Part 5: Current Challenges and Issues
The major political parties, including the newly-elected Liberal Democratic Party (LDP) and the Democratic Party of Japan (DPJ), support Japan’s participation in UN peacekeeping operations as well as disaster relief operations. This is because Japan has traditionally adopted the UN-centered policy and valued the concept of human security. Most recently this consensus was apparent in the decision to send the SDF to Haiti (2010) and South Sudan (2011). In 2012, the amendment of the Three Principles on Arms Export (originally passed in 1967) allowed more freedom of the SDF in the use and transfer of weapons in UN peacekeeping operations. The amendment enabled the SDF personnel to use force to protect other contingents as well as to defend themselves in UN peacekeeping operations. However, the constitutional restraints surrounding the concept of collective defense have still not been resolved by the Japanese government. The SDF are prohibited from engaging in combat operations and hence are not always suitable for some UN peacekeeping operations which might frequently require the use of force.

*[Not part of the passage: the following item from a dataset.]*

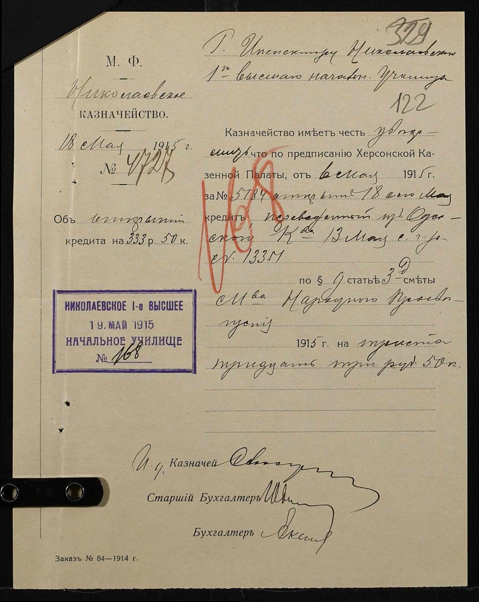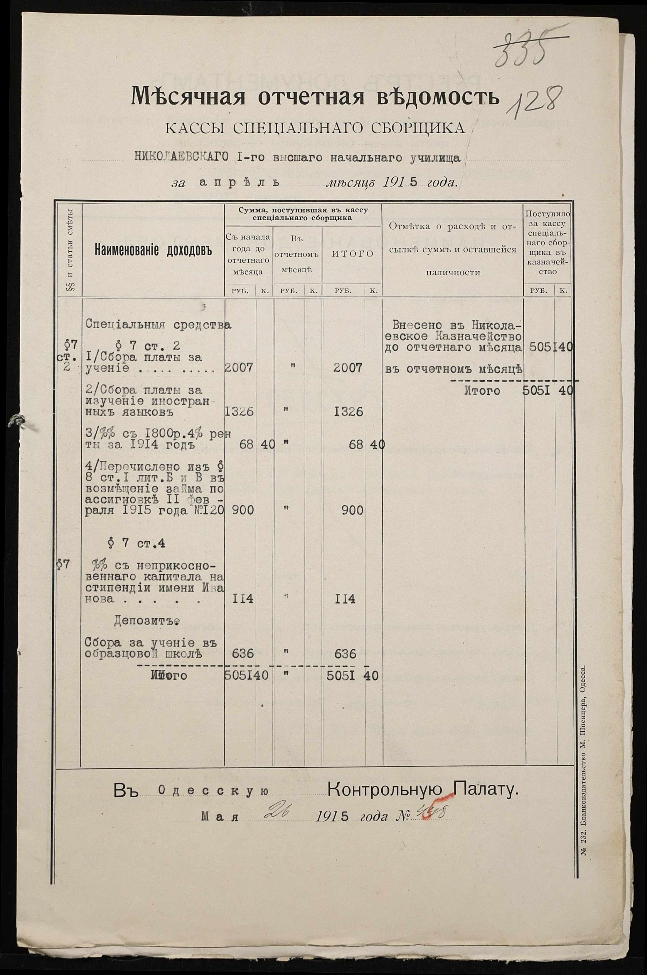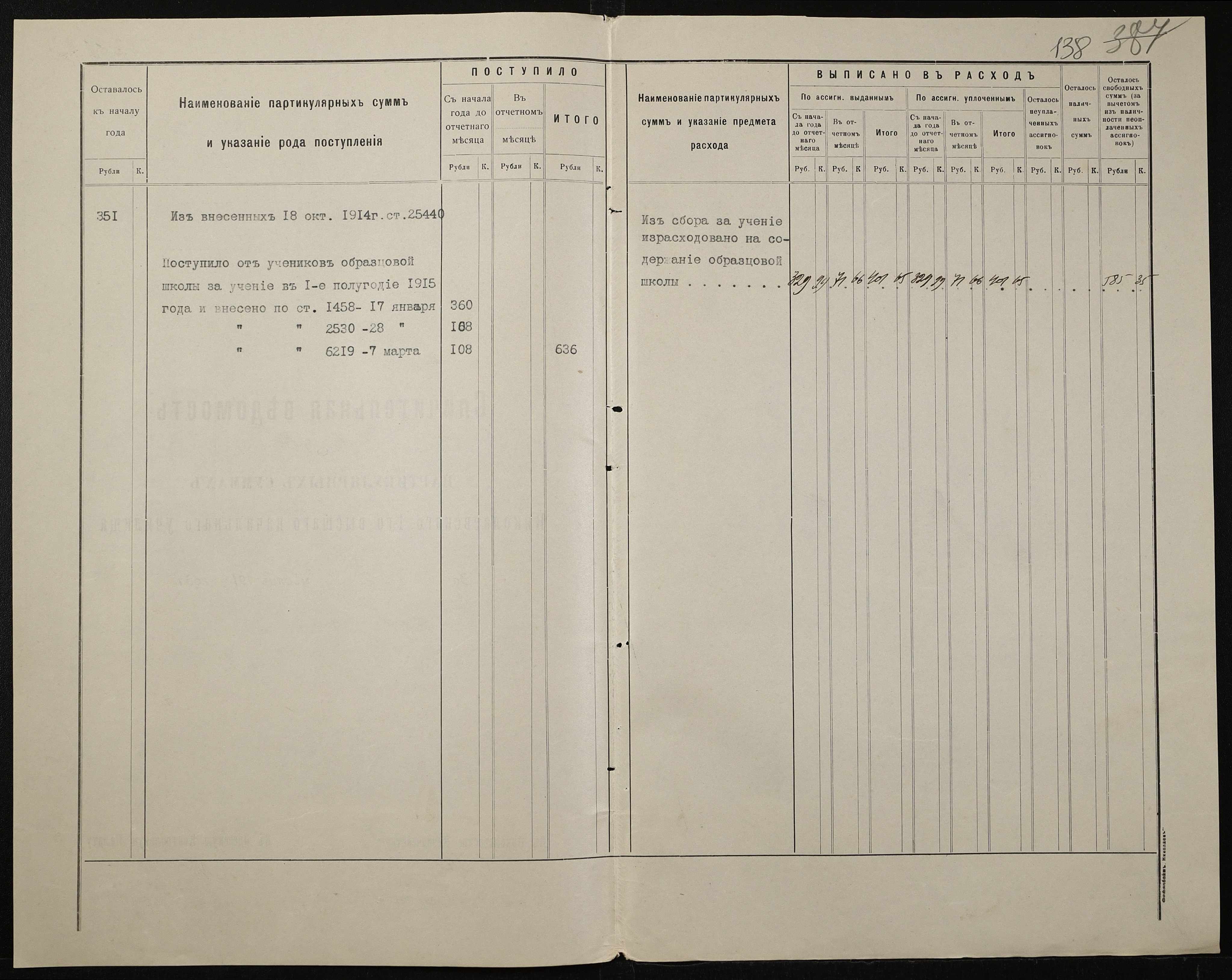 • • • • Справа № 465а “Фінансовий звіт за 1914 рік, прибутково-видаткові документи (кошторис, відомості), свідоцтва про закінчення училища. Том 2”

The current issues on Japan’s UN peacekeeping were reflected in the Interim Report of the Study Group on Japan’s Engagement in UN Peacekeeping Operations published on 4 July 2011. The Study Group was chaired by Senior Vice-Minister of the Cabinet Office with senior officials from the cabinet Secretariat, the Ministry of Foreign Affairs, and the Ministry of Defense. The report considered it appropriate for Japan to actively participate in UN peacekeeping operations but recommended that such operations should be conducted within the framework of the Japanese Constitution. It also called for further discussion concerning Japan’s participation in military tasks during peacekeeping operations and recommended that Japan should deploy civilian experts and police personnel as well as the SDF since there had been increasing demand in these areas in recent years. The report also recommended the further enhancement of the SDF’s co-ordination capability, especially, with the ODA sector and civilians (civil-military relations) including NGOs.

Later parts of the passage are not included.